* _Aim of the task_
There is material below. Print exactly the lines starting at the line with "另外據市氣象台監測,廣州市達" and ending at the line with "Zveme všechny zájemce", ends included, and no others.

* _Available data_
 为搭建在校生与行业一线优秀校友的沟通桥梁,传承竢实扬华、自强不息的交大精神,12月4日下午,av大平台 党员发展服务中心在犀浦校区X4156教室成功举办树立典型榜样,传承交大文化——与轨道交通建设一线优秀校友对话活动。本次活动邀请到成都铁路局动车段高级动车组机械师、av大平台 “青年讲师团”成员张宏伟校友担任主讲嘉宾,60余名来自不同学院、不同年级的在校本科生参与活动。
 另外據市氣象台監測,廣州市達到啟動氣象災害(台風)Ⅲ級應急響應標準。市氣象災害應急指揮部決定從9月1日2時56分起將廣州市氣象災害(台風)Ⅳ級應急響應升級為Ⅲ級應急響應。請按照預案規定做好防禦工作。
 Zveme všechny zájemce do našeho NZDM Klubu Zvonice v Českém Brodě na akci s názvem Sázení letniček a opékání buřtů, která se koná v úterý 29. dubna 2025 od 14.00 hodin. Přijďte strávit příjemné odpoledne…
...
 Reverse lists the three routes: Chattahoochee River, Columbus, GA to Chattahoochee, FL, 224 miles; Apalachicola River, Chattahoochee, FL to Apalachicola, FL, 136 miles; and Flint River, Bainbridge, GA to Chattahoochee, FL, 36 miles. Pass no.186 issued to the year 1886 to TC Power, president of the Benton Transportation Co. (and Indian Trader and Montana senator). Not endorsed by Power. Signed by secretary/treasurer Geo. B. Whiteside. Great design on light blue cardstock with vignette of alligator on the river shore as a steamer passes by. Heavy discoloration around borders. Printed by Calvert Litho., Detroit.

* _Response for this exercise_
 另外據市氣象台監測,廣州市達到啟動氣象災害(台風)Ⅲ級應急響應標準。市氣象災害應急指揮部決定從9月1日2時56分起將廣州市氣象災害(台風)Ⅳ級應急響應升級為Ⅲ級應急響應。請按照預案規定做好防禦工作。
 Zveme všechny zájemce do našeho NZDM Klubu Zvonice v Českém Brodě na akci s názvem Sázení letniček a opékání buřtů, která se koná v úterý 29. dubna 2025 od 14.00 hodin. Přijďte strávit příjemné odpoledne…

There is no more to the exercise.